The German agriculture ministry said on Saturday that a goose with the highly pathogenic H5N8 strain was identified in the state of Mecklenburg-Western Pomerania. The ministry told AFP that it marked the first case of the virus outside of a farm setting in Europe.
 
German officials say they have asked regional authorities to keep an "active watch" on wild birds, which means killing animals suspected of having the virus and conducting screening tests.
 
The Danish Food and Veterinary Administration (Fødevarestyrelsen) said that the discovery of an H5N8 case near Denmark would not lead to any official changes at home. 
 
“We are of course watching what happens in the countries around us, but there is no reason to raise the threat level any further.

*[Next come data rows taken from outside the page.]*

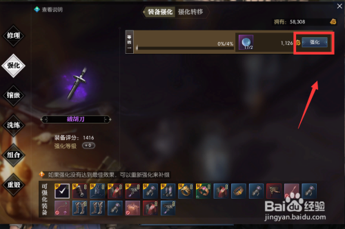如图,这是沫沫的30级紫武,点击将其放入强化窗口,点击【强化】。
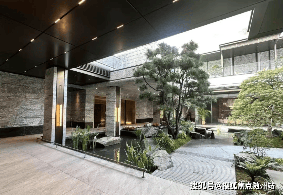 茶室:整面玻璃落地,室外水系景观庭院,喝茶静坐很雅致。
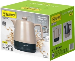 Fierbătorul electric ceramic MAESTRO, cu volum de 1 l și putere de 1200 W, oferă un design elegant și întreținere ușoară. Corpul ceramic păstrează căldura și reduce depunerile de calcar, baza rotativă la 360° facilitează manevrarea, iar întrerupătorul iluminat împreună cu oprirea automată sporesc siguranța. Include indicator MAX la interior, element de încălzire ascuns și compartiment pentru cablu.
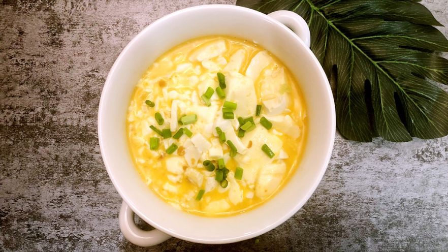 2. 咸鸭蛋蛋黄蛋白分离,捣成碎末。
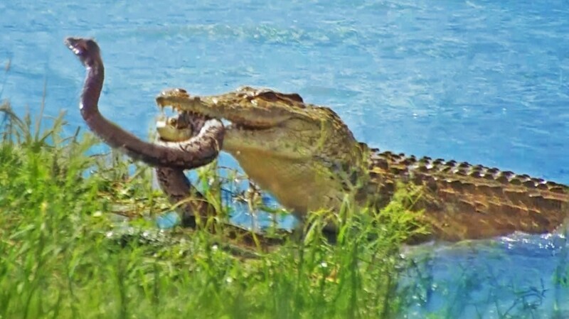 Туристы стали свидетелями схватки крокодила и питона. В начале видео крокодил подплывает к берегу и хватает питона. Тот отчаянно вырывается, но справиться с более крупным хищником ему не под силу. Поединок продолжается больше минуты, но ее исход кажется предрешенным с самого начала.
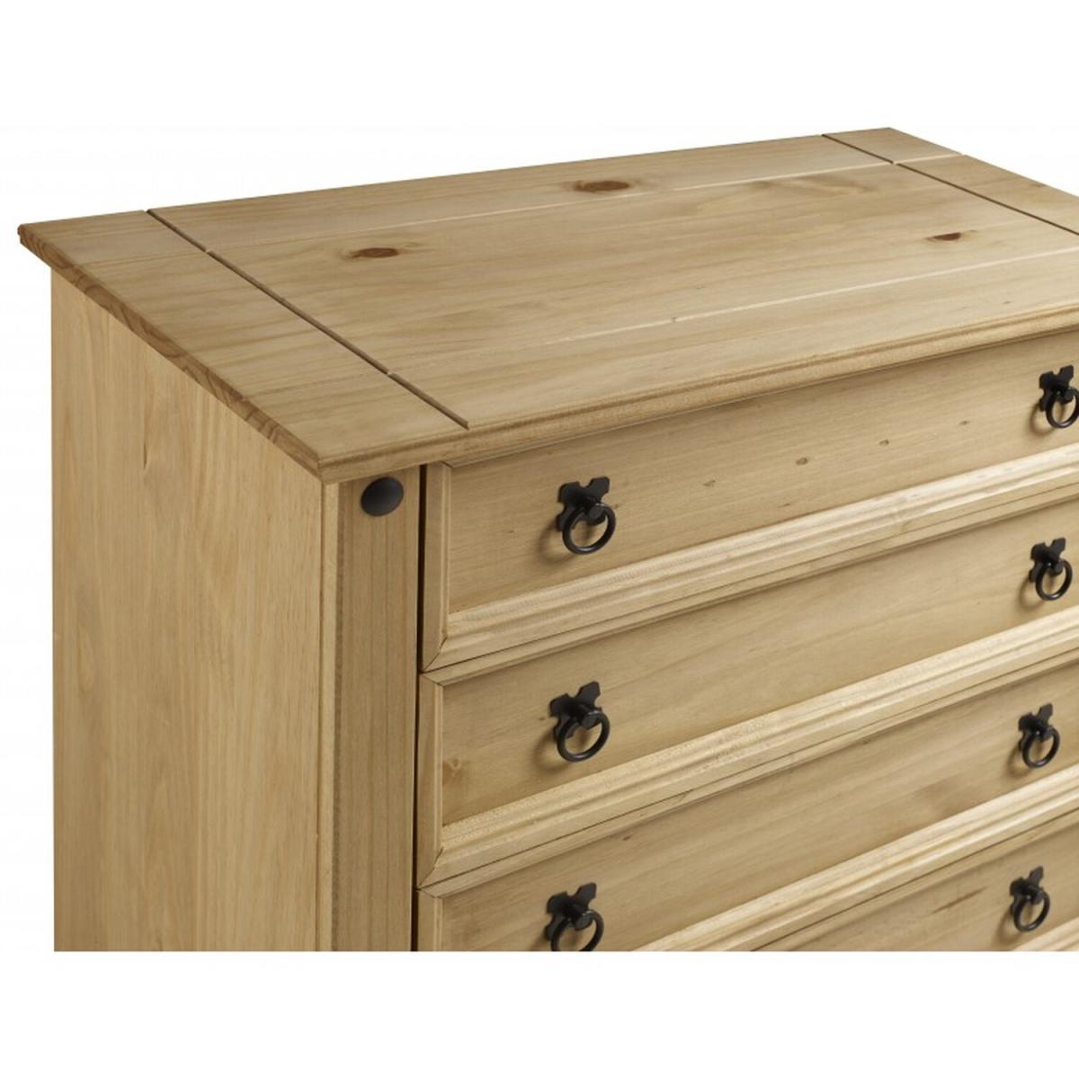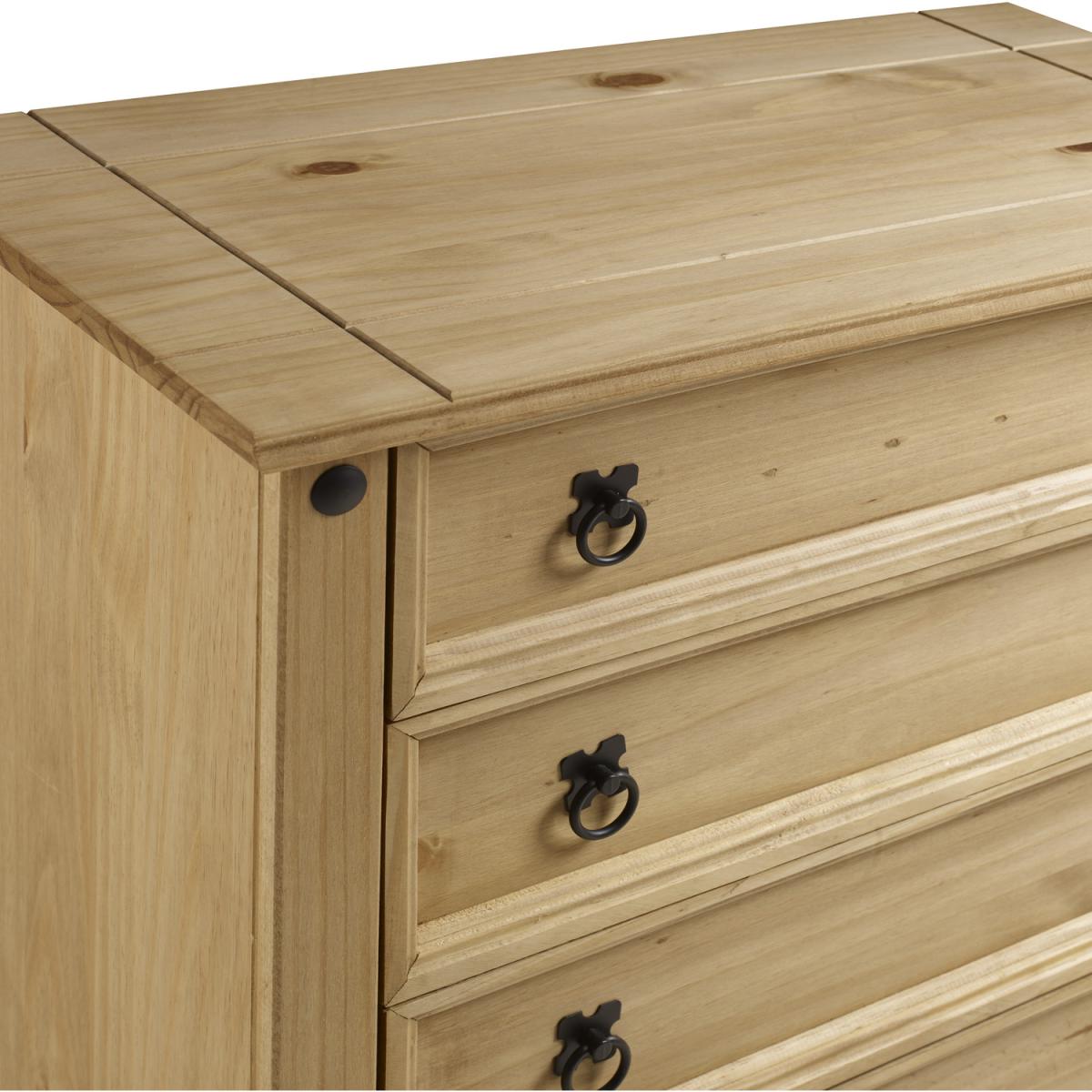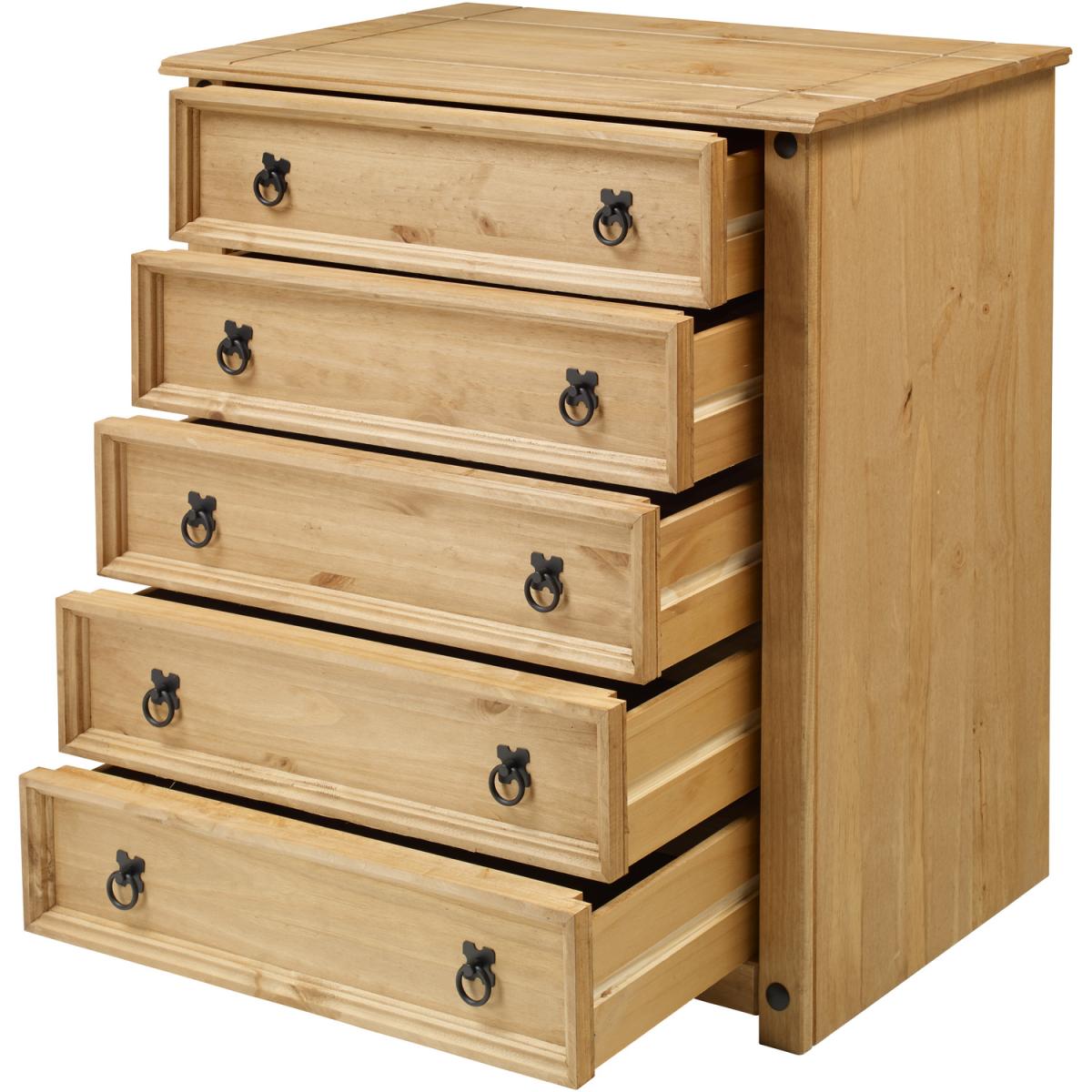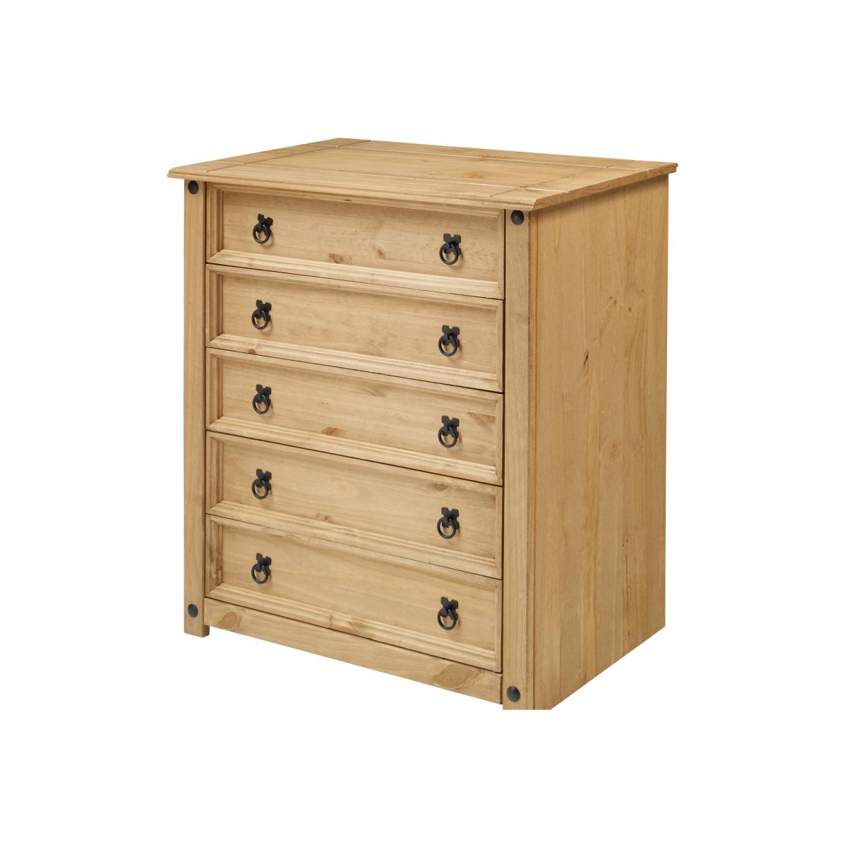 Mercers Furniture is happy to offer this Corona Small 5 Drawer Chest, the item is expertly crafted from solid pine and hand waxed to preserve as well as enhance the grain. It offers outstanding value for money with 5 drawers that would be a welcome addition to any room. It is finished off with black metal fittings which give the item its distinctive Mexican styling and offers that warm rustic country charm. The item has hardboard backs and drawer bases, its delivered flat packed for easy home assembly with step-by-step instructions. Height - 89cm. Width - 80cm. Depth - 41cm

But one should be very aware of their animals, whether they be livestock owners or breeders,” Fødevarestyrelsen spokesman Erik Jepsen told Ritzau. 
 
Danish authorities raised the threat level from low to medium after H5N8 was discovered in several European locations: a turkey farm in Mecklenburg-Western Pomerania, several farms in the Netherlands, and at a duck farm in Yorkshire, England.
 
Sweden’s agriculture agency Jordbruksverket told farmers last week to put all birds indoors or in covered fenced zones as “a precautionary measure”. 
 
The H5N1 strain of bird flu has killed more than 400 people, mainly in southeast Asia, since first appearing in 2003.
 
Another strain of bird flu, H7N9, has claimed more than 170 lives since emerging in 2013.
 
The H7N7 strain of avian flu severely hit the Netherlands in 2003 with health authorities destroying some 30 million birds in an effort to quash an outbreak.